§ REQUIRED WORK
Word for word, copy all the data and drop the pictures.

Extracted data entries
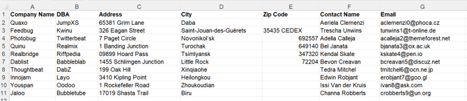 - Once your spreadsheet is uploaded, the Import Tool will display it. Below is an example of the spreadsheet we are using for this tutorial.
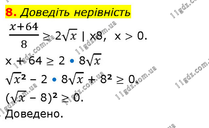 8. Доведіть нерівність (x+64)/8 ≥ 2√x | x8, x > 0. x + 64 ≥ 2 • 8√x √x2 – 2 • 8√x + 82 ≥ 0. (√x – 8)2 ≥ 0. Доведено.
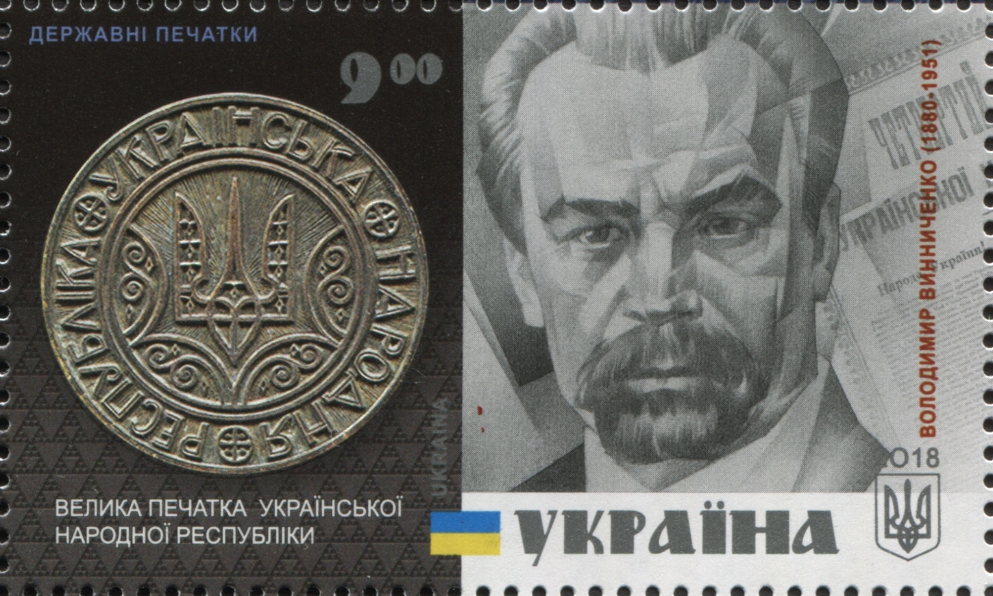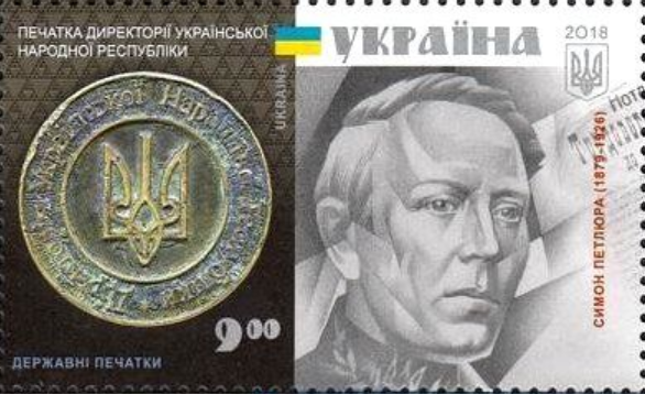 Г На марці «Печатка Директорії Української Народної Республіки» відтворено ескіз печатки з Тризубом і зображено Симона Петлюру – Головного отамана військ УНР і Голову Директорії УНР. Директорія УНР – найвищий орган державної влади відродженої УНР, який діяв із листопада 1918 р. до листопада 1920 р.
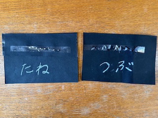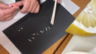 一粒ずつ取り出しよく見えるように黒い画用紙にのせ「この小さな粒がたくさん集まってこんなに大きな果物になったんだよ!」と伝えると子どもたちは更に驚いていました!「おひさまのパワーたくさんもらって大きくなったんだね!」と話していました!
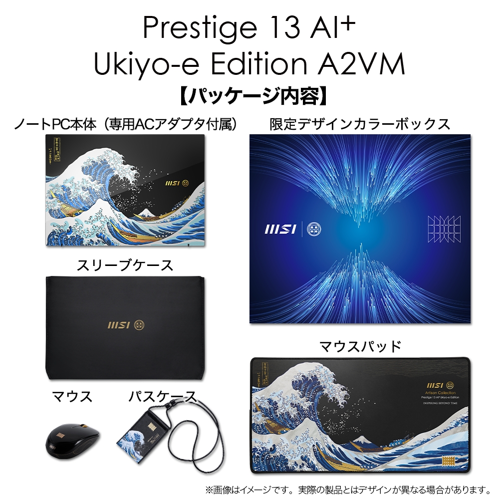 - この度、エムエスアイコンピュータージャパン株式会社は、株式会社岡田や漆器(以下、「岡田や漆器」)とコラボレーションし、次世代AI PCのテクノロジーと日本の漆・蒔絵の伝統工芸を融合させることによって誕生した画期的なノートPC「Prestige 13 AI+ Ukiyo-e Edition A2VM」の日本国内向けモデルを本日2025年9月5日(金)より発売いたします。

§ THE COMPLETED TASK
 - Once your spreadsheet is uploaded, the Import Tool will display it. Below is an example of the spreadsheet we are using for this tutorial.
 8. Доведіть нерівність (x+64)/8 ≥ 2√x | x8, x > 0. x + 64 ≥ 2 • 8√x √x2 – 2 • 8√x + 82 ≥ 0. (√x – 8)2 ≥ 0. Доведено.
 Г На марці «Печатка Директорії Української Народної Республіки» відтворено ескіз печатки з Тризубом і зображено Симона Петлюру – Головного отамана військ УНР і Голову Директорії УНР. Директорія УНР – найвищий орган державної влади відродженої УНР, який діяв із листопада 1918 р. до листопада 1920 р.
 一粒ずつ取り出しよく見えるように黒い画用紙にのせ「この小さな粒がたくさん集まってこんなに大きな果物になったんだよ!」と伝えると子どもたちは更に驚いていました!「おひさまのパワーたくさんもらって大きくなったんだね!」と話していました!
 - この度、エムエスアイコンピュータージャパン株式会社は、株式会社岡田や漆器(以下、「岡田や漆器」)とコラボレーションし、次世代AI PCのテクノロジーと日本の漆・蒔絵の伝統工芸を融合させることによって誕生した画期的なノートPC「Prestige 13 AI+ Ukiyo-e Edition A2VM」の日本国内向けモデルを本日2025年9月5日(金)より発売いたします。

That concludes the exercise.